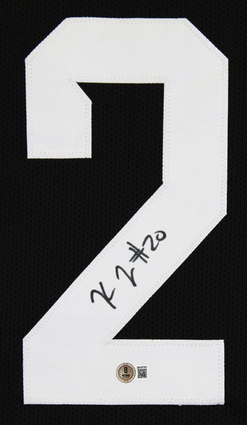This Autographed Black Pro Style Jersey has been Personally Signed by Kaleb Johnson of the Iowa Hawkeyes. This item is 100% Authentic to include a hologram by Beckett Authentication Services. This item will come with an affixed Beckett Authentication Services (BAS) authentication sticker, which includes a scannable QR code to verify authenticity. Please note that Beckett no longer provides serial-numbered COA cards, and the attached BAS sticker will serve as the complete authentication for this item. This is a BAS Witnessed Protection Program item which means a Beckett Authentication Service representative was present when this item was being signed. We conducted an autograph signing with Kaleb Johnson where multiples of the same item were signed. While the photographs are representative of this item, the size, placement and strength of the signature may vary. Each item is hand signed, therefore, each autograph is unique. This item can be verified through BAS Witnessed. This is a X-Large sized, non-branded, custom-stitched Jersey.
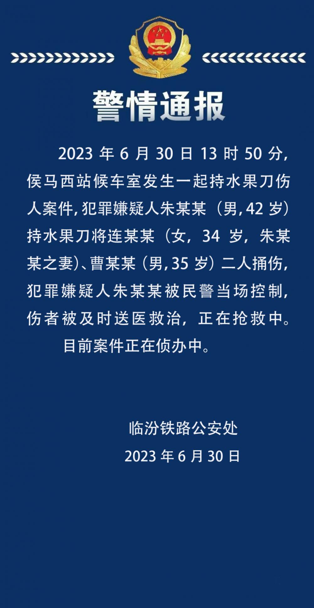 山西临汾警方:男子在高铁候车室捅伤两人被当场控制,一伤者为其妻子
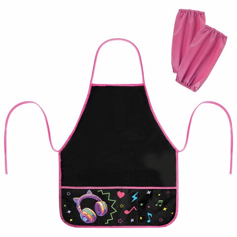 Фартук с нарукавниками для уроков труда BRAUBERG, 3 кармана, 46x54 см, "Headphones", 273643
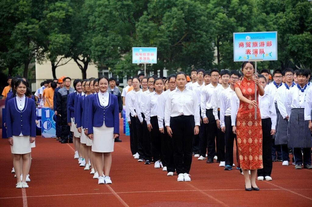 接着是各表演方队入场。商贸旅游专业部、机电信息专业部分别以极具专业特色的表演诠释着我校在专业建设的成效。由校武术队、踢跳队、足球队、啦啦操队、科技社的展示表演,或刚强有力、或灵动飘逸,他们都训练有素、活力四射;科技社的无人机操控表演展现了科技的力量……表演队呈现出精彩表演的背后,都与班主任、指导老师等的辛苦付出密不可分。他们利用每天中午甚至周末等休息时间集结表演队的同学们进行刻苦的训练。
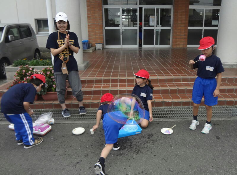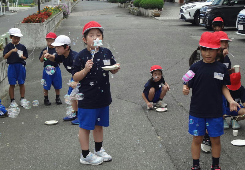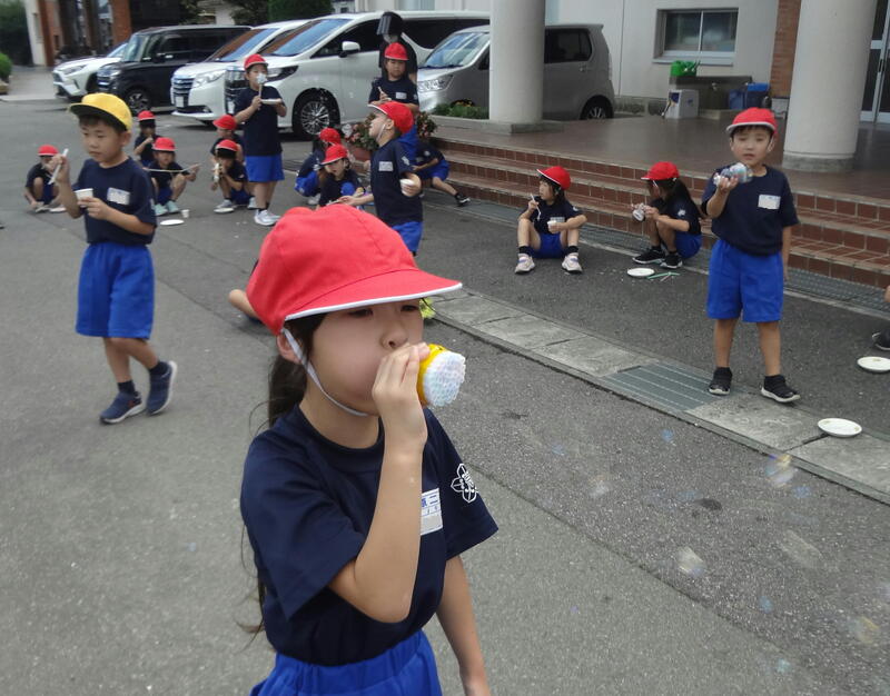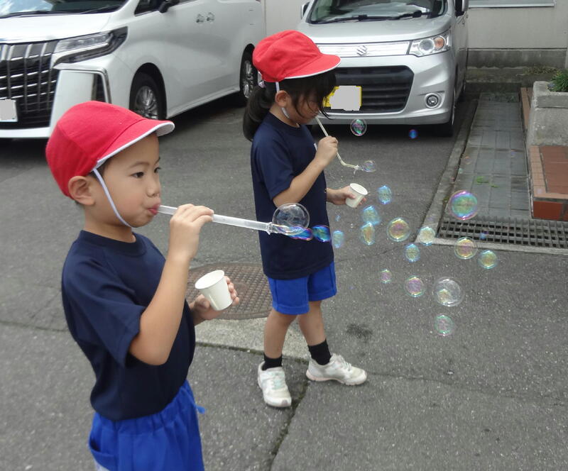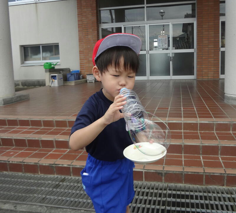 今日は、家で考えてきた道具を使って、シャボン玉を飛ばしていました。
========================
(Description of the task): I'd like every record above written out again exactly, without the pictures.

(Solved exercise):
This Autographed Black Pro Style Jersey has been Personally Signed by Kaleb Johnson of the Iowa Hawkeyes. This item is 100% Authentic to include a hologram by Beckett Authentication Services. This item will come with an affixed Beckett Authentication Services (BAS) authentication sticker, which includes a scannable QR code to verify authenticity. Please note that Beckett no longer provides serial-numbered COA cards, and the attached BAS sticker will serve as the complete authentication for this item. This is a BAS Witnessed Protection Program item which means a Beckett Authentication Service representative was present when this item was being signed. We conducted an autograph signing with Kaleb Johnson where multiples of the same item were signed. While the photographs are representative of this item, the size, placement and strength of the signature may vary. Each item is hand signed, therefore, each autograph is unique. This item can be verified through BAS Witnessed. This is a X-Large sized, non-branded, custom-stitched Jersey.
 山西临汾警方:男子在高铁候车室捅伤两人被当场控制,一伤者为其妻子
 Фартук с нарукавниками для уроков труда BRAUBERG, 3 кармана, 46x54 см, "Headphones", 273643
 接着是各表演方队入场。商贸旅游专业部、机电信息专业部分别以极具专业特色的表演诠释着我校在专业建设的成效。由校武术队、踢跳队、足球队、啦啦操队、科技社的展示表演,或刚强有力、或灵动飘逸,他们都训练有素、活力四射;科技社的无人机操控表演展现了科技的力量……表演队呈现出精彩表演的背后,都与班主任、指导老师等的辛苦付出密不可分。他们利用每天中午甚至周末等休息时间集结表演队的同学们进行刻苦的训练。
 今日は、家で考えてきた道具を使って、シャボン玉を飛ばしていました。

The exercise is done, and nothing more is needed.